My Excuse for Being Awake at Midnight
Did you just asked for my excuse for being awake at midnight? Well it is very simple and that is because it is the only time in the day that truly belongs to me. As a mother of two, my days are filled from the moment I open my eyes. Before the sunis even fully rises, I am already needed by that little voices calling my name, by the small hands that depend on me, and by responsibilities that cannot be delayed. From morning until night, my time is rarely my own.

During the day, my focus is always on someone else. I plan meals, look after my kids, clean up messes that seem to appear out of nowhere, and make sure my children feel safe, loved, and supported. Even when I sit down, my mind is still working, always thinking about what needs to be done next, what I might have forgotten, what my people need, or how I can do better tomorrow. Motherhood is beautiful, but it is also demanding. There are no breaks scheduled into the day, and there is no pause button and if you press that button, it is double workload for what is next.
That is why midnight feels so special to me. It is the time when the house is quiet and my children are finally asleep, and the time finally feels like mine and mine alone. There are no questions to answer, no spills to clean, and no one calling my name. For the first time all day, I can breathe without rushing. Being awake at midnight is not about avoiding sleep, it’s about finding peace for me.

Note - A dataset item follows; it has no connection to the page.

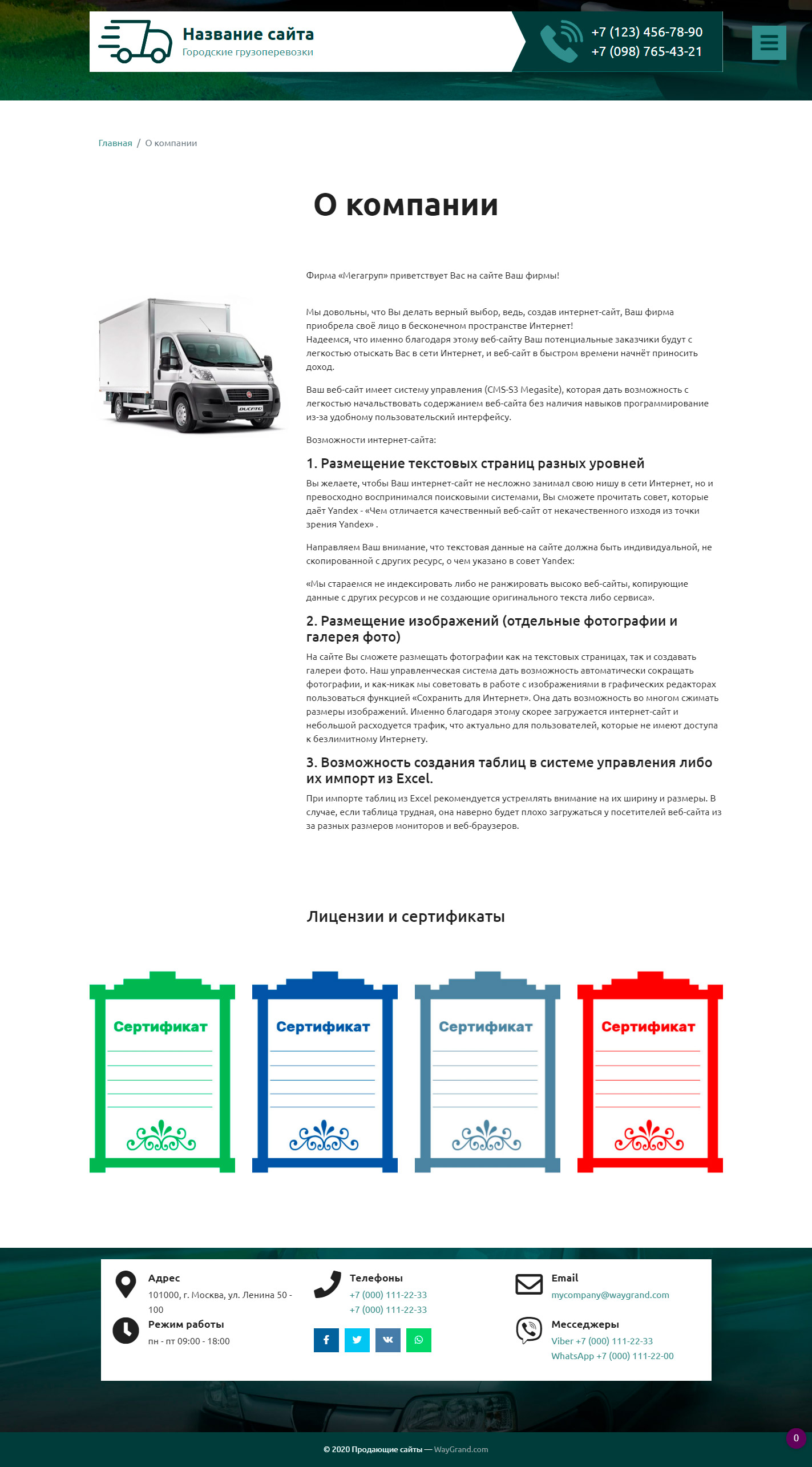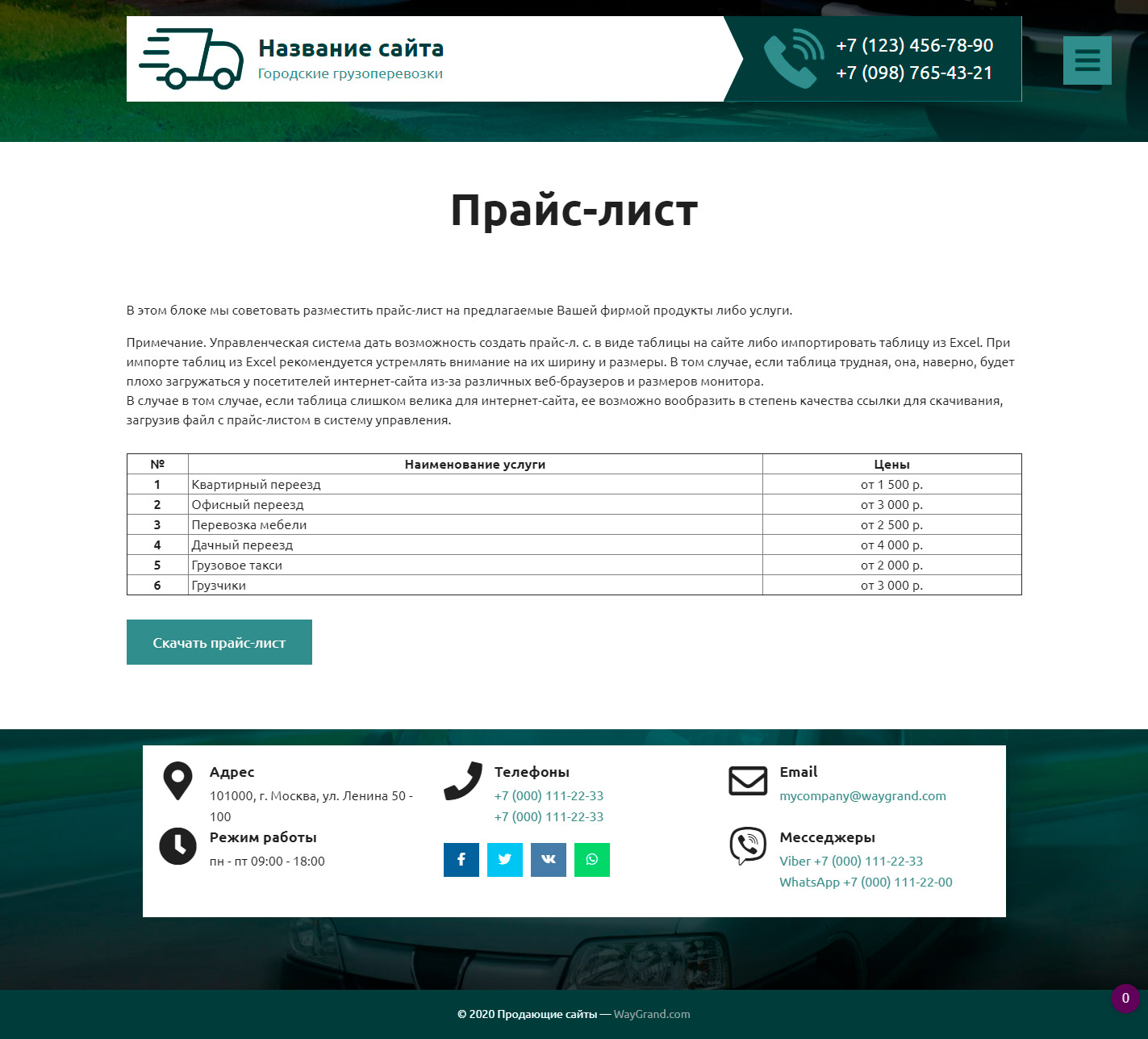 Закажите готовый продающий сайт визитка #2515302 в Волжском за 5-7 дня «под ключ» по доступным ценам на WayGrand: свёрстан, отрисован и готов к рекламе. Тематика шаблона «Городские грузоперевозки».

At midnight, I get to reconnect with myself. I can sit in silence, scroll through my thoughts, read my favourite Facebook novel and maybe watch movies until the time is gone. These moments may be small, but they are necessary. They remind me that I am not just a mother or a wife, but also an individual with thoughts, dreams, and feelings of my own.
I use the midnight to recharge emotionally. Throughout the day, I give too much of myself to others. At night, I slowly pour some of that energy back into me. Even if it costs me a bit of sleep, the mental rest is worth it. A calm mind can be just as important as a rested body.
So if you ask me what my excuse is for being awake at midnight, this is my answer: I stay awake because it is the only time I am not needed by anyone else. It is my quiet reward after a long day of giving. Midnight is my moment of self-care, my chance to exist without expectations. And until the day gives me more room to breathe, midnight will remain my excuse, and my comfort.